Fig. 9 is a perspective sectional view of the discharging mechanism of the present invention.

Fig. 10 is an enlarged view of the present invention at a.

Fig. 11 is a schematic perspective view of a buffer mechanism according to the present invention.

Fig. 12 is a schematic perspective view of a first part of a feeding mechanism according to the present invention.

Fig. 13 is a schematic perspective view of a second part of the feeding mechanism according to the present invention.

Fig. 14 is a schematic partial perspective view of a limiting mechanism according to the present invention.

Fig. 15 is an enlarged view of the present invention at B.

Wherein: the device comprises a base, a 2-mounting frame, a 3-electrolytic cell, a 4-collecting box, a 5-blanking mechanism, a 51-first mounting block, a 52-supporting rod, a 53-guiding rod, a 54-electric push rod, a 6-rotating mechanism, a 61-roller, a 62-isolation box, a 63-speed reduction motor, a 64-belt, a 7-discharging mechanism, a 71-first piston rod, a 711-second piston rod, a 72-hydraulic box, a 73-connecting pipe, a 74-third piston rod, a 75-first spring, a 76-first hinging block, a 77-first torsion spring, a 78-second hinging block, a 8-buffering mechanism, a 81-buffering plate, a 82-second spring, a 83-diversion groove, a 9-feeding mechanism, a 91-second mounting block, a 92-first rotating shaft, a 93-first connecting rod, a 94-second connecting rod, a 95-third connecting rod, a 96-hinging rod, a 97-second torsion spring, a 98-unidirectional gear, a 99-rack, a 910-third torsion spring, a 10-limiting mechanism, a 101-second rotating shaft, a 102-limiting rod and a 103-fourth torsion spring.

Detailed Description

The invention will be further described with reference to the accompanying drawings and detailed description below:

example 1

Referring to fig. 1-7, the optical lens housing anti-oxidation coating device comprises a base 1, a mounting frame 2, an electrolytic cell 3, a collecting box 4, a blanking mechanism 5 and a rotating mechanism 6, wherein the right side of the upper part of the base 1 is provided with the mounting frame 2, the upper side of the base 1 is provided with the electrolytic cell 3, six through holes are evenly formed in the upper side of the right part of the electrolytic cell 3, the collecting box 4 is connected between the upper side of the left part of the electrolytic cell 3 and the base 1, the collecting box 4 is used for collecting a lens housing with coating completed, the lower side of the mounting frame 2 is provided with the blanking mechanism 5, and the blanking mechanism 5 is provided with the rotating mechanism 6.

Referring to fig. 4 and 5, the blanking mechanism 5 includes a first mounting block 51, support rods 52, guide rods 53 and electric push rods 54, the guide rods 53 are slidably disposed on the front side and the rear side of the mounting frame 2, the first mounting block 51 is connected between the upper sides of the two guide rods 53 through bolts, the first mounting block 51 is in contact with the mounting frame 2, five support rods 52 are uniformly disposed on the left side of the lower portion of the first mounting block 51, the electric push rods 54 are fixedly connected on the front side and the rear side of the mounting frame 2 through bolts, and the telescopic rods of the two electric push rods 54 are connected with the first mounting block 51.

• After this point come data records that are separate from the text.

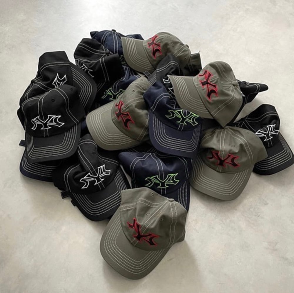 Contrast stitch with front embroidery
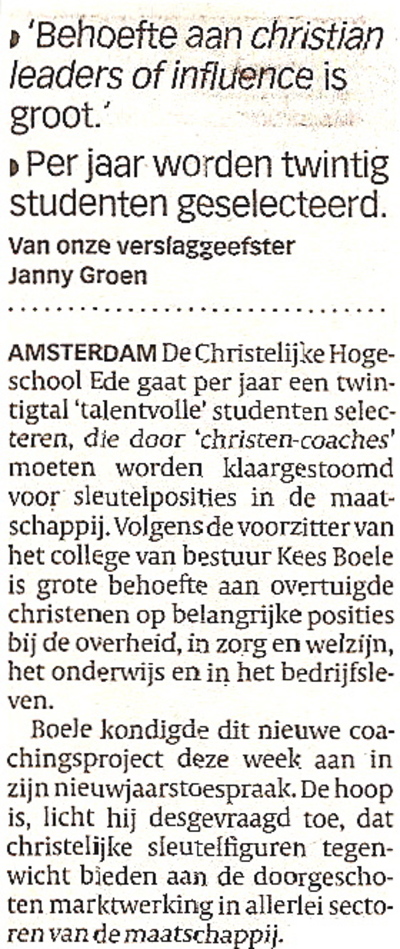 De kop van het artikel in de Volkskrant luidt: 'Hogeschool Ede stoomt 'superchristenen' klaar.' En de voorzitter van het college van bestuur benadrukt dat de behoefte aan 'christian leaders of influence' groot is. Vraag 1: Is de behoefte aan christelijk leiderschap wetenschappelijk meetbaar? Vraag 2: Zal de nieuwe, overwegend protestants-christelijke regering bevorderen dat christian leaders of influence op sleutelposities bij de overheid worden benoemd? Vraag 3: Kunnen christelijke leidinggevenden in de toekomst uiterlijke kenmerken krijgen? Te denken valt aan speciale kostuums (gewaden), of hoofddeksels. Op die manier wordt aan niet-christelijke ondergeschikten de kans geboden zelf te bepalen of zij willen werken onder leiding van zich superieur voelende superieuren. Vraag 4: Kunnen vrouwen met kinderen en praktiserende homo's ook leaders of influence worden?
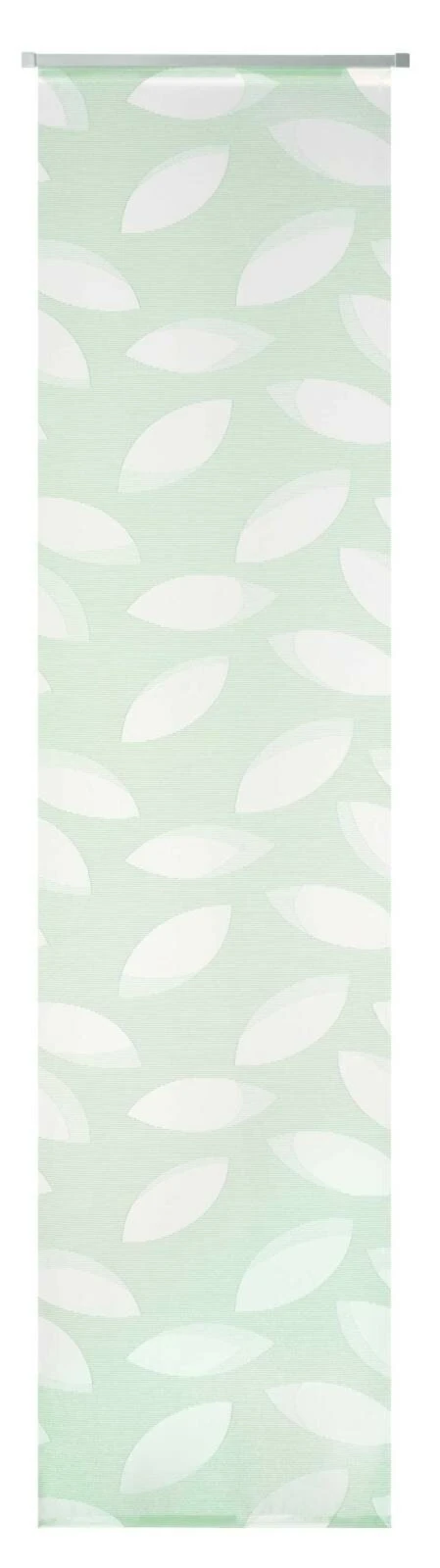 Schiebevorhang mit modischem Look. Hergestellt in einem aufwendigen Webverfahren gibt dem Vorhang eine Optik herabfallender Blätter. Geben Sie ihren Fenstern das gewisse Extra, indem Sie den Schiebevorhang an die mitgelieferte Schiene kletten.
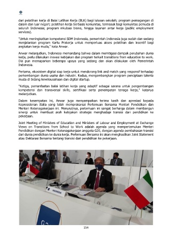 dari dunia pendidikan ke dunia kerja. Pertemuan Bersama ini akan menghasilkan Joint Statement
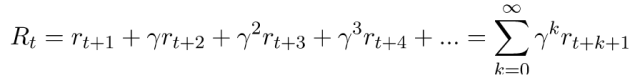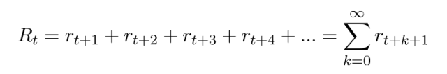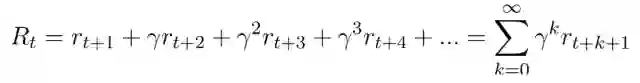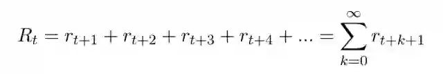 正如之前所讨论的,强化学习智能体需要学习最大化累积未来奖励(cumulative future reward)。描述累积未来奖励的术语是回报,通常用 R 表示,并对特定时间步的回报加上一个下标 t。使用数学符号表示为:
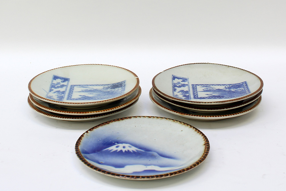 Sette piatti in porcellana di cui sei decorati con scene di paesaggi in pannelli e uno con il monte Fuji (d cm 22)(difetti)
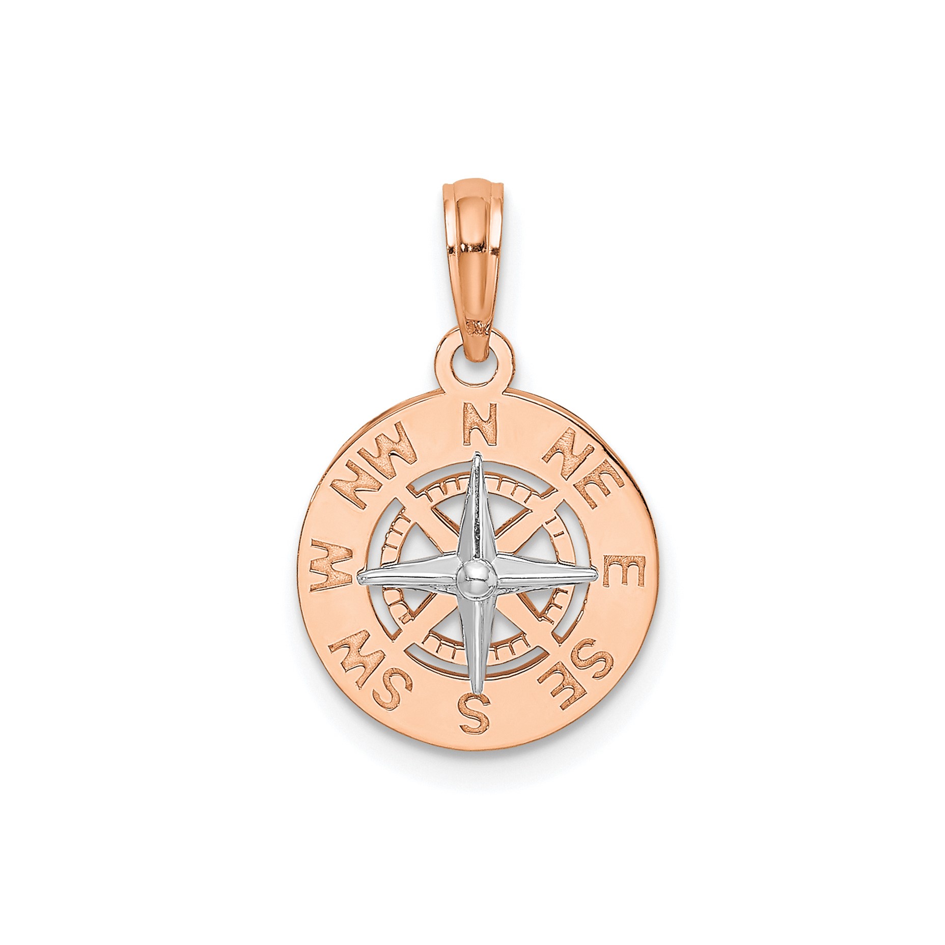 14K Rose and White Gold Mini Nautical Compass Pendant
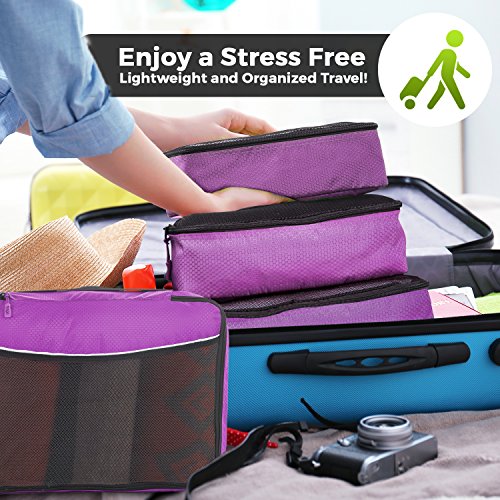 PROTECT YOUR CLOTHES AND LUGGAGE from stains, wrinkles and damages while traveling; the cubes are made of durable rip-stop honeycomb Nylon fabrics that tucks your clothes safely inside.
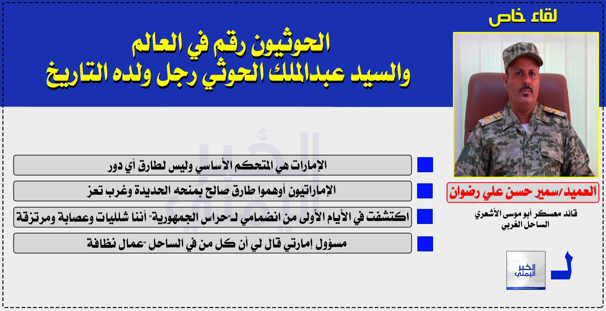 وأشار العميد سمير رضوان الذي أعلن انشقاقه وعودته إلى العاصمة صنعاء في حديث خاص لـ”الخبر اليمني” إلى أن الإماراتيين أوهموا طارق صالح بمنحه السيطرة على محافظة الحديدة والمديريات الغربية لمحافظة تعز.
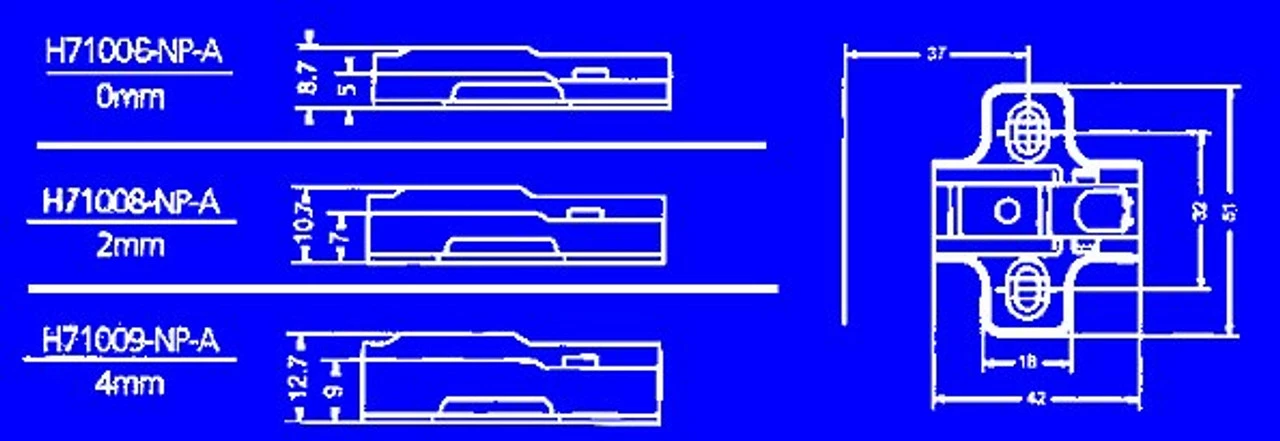 This mounting plate is part of the Liberty Easy-Clip concealed hinge system. The mounting plate is for 35mm hinges and requires wood screws. This mounting plate has a 2 mm rise, which reduces the overlay by 2 mm. Please see schematic drawing. Overall dimensions are 1 3/4″ x 2″ x 3/8″ (10.7mm) height.
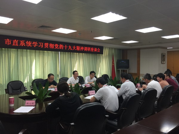 11月8日下午,市委组织部与市直机关工委联合到市外事侨务局开展学习贯彻党的十九大精神调研访谈活动,检查指导督促我局党组织和党员干部学习贯彻党的十九大精神。市第五调研访谈组组长、市委“两新”工委副书记洪智强和访谈组成员到会指导。局党组书记、局长陈鹏,党组成员陈树浩和局组织人事部门、机关党委办以及年轻党员干部参加了座谈会。
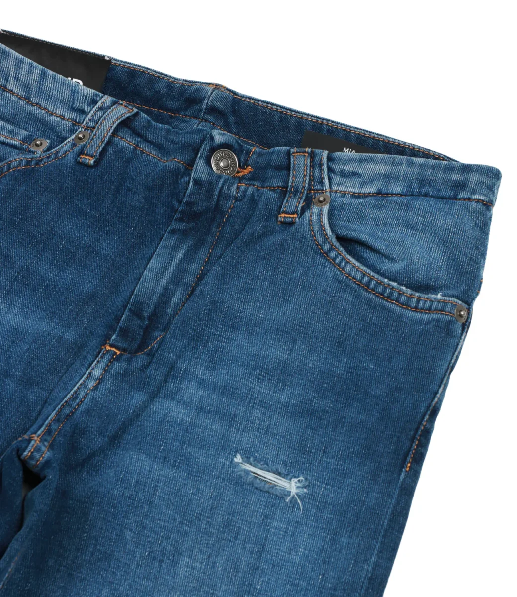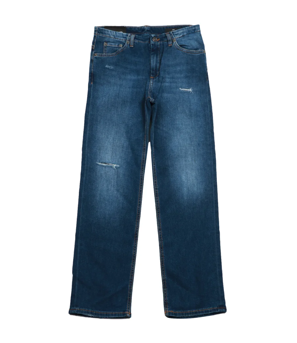 Jeans Dondup Junior in denim modello 5 tasche con chiusura frontale con zip e bottone e patch con logo cucita posteriormente.
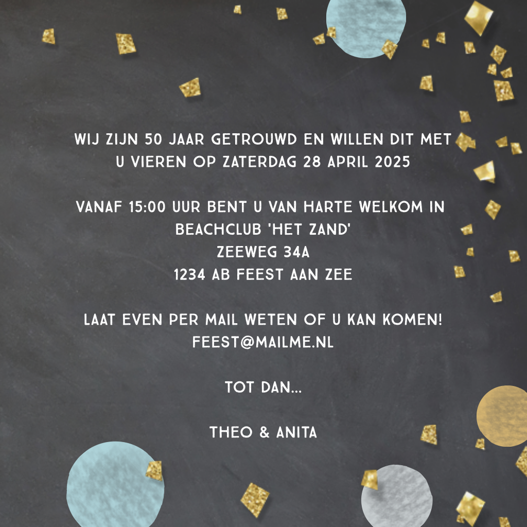 Vrolijke uitnodiging gouden huwelijk met ballonnen
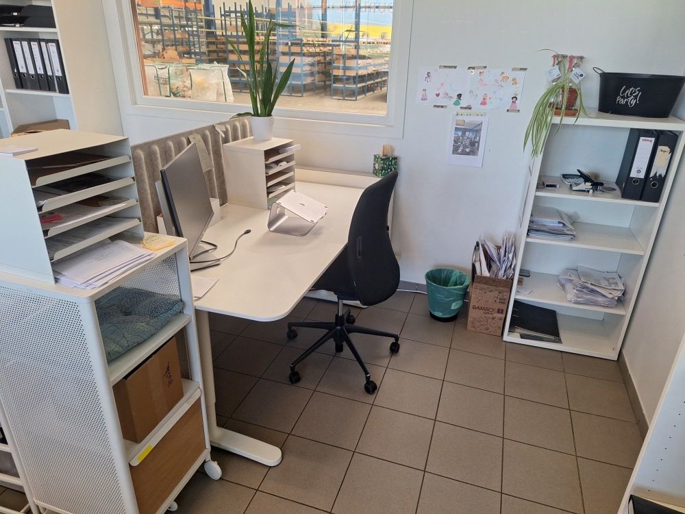 | Naam: | Lot met bureau,stoel,monitor,toetsenbord,muis,2 witte kasten incl.inhoud |
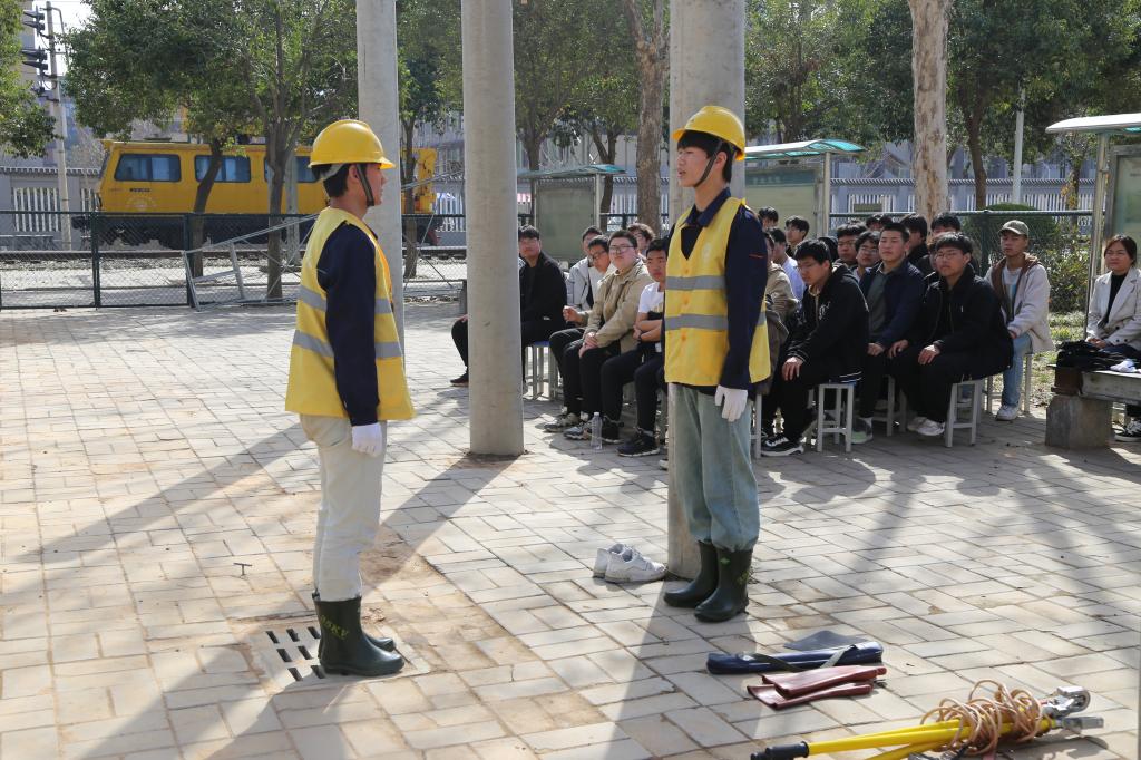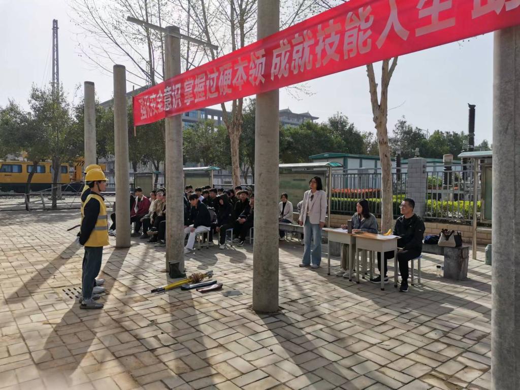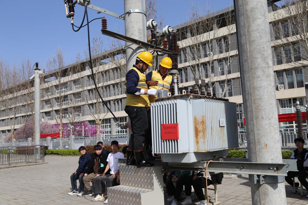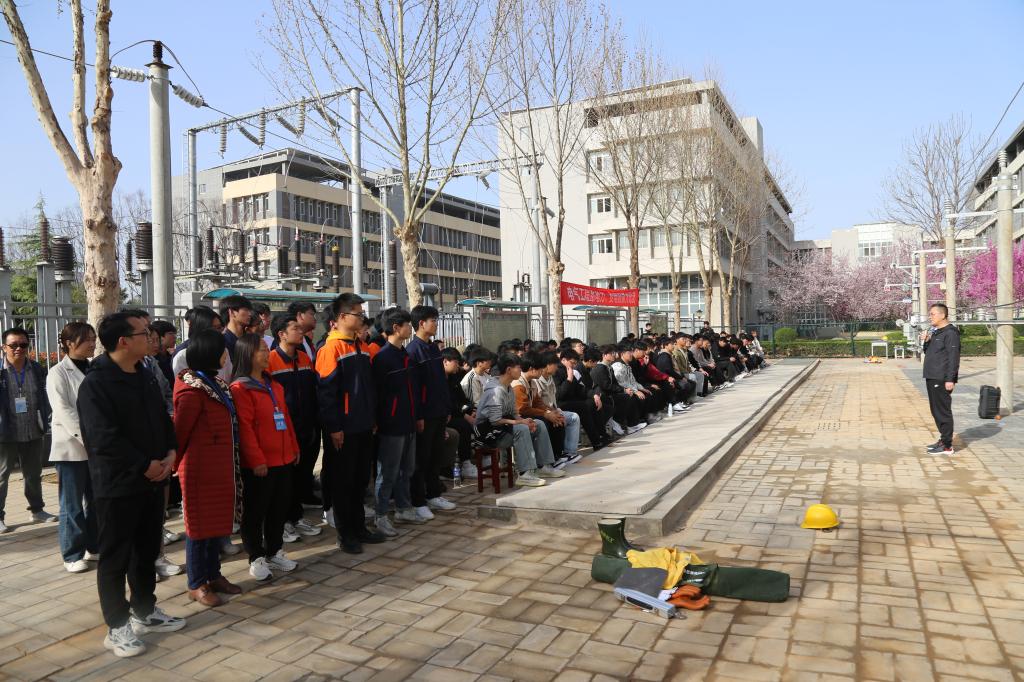 3月29日上午,电气工程系在电力线路实训场地,开展了以“讲安全、比技能、促发展”为主题的电力、变电技术大比武活动。2022级所有供电类专业40余名学生代表参加比赛,全体师生到场观看学习。

Referring to fig. 6 and 7, the rotating mechanism 6 includes a drum 61, a separation box 62, a gear motor 63 and a belt 64, the separation boxes 62 are welded at the lower sides of the support rods 52, five separation boxes 62 are provided, the drum 61 is rotatably arranged at the upper side of the left side of the separation boxes 62, the drum 61 is rotatably connected with the support rods 52 at the same side, five separation boxes 61 are fixedly connected with the gear motor 63 through bolts at the lower right side in the separation boxes 62, five gear motors 63 are provided, a belt 64 is wound between the output shaft of the gear motor 63 and the drum 61 at the same side through a driving wheel, and five belts 64 are provided.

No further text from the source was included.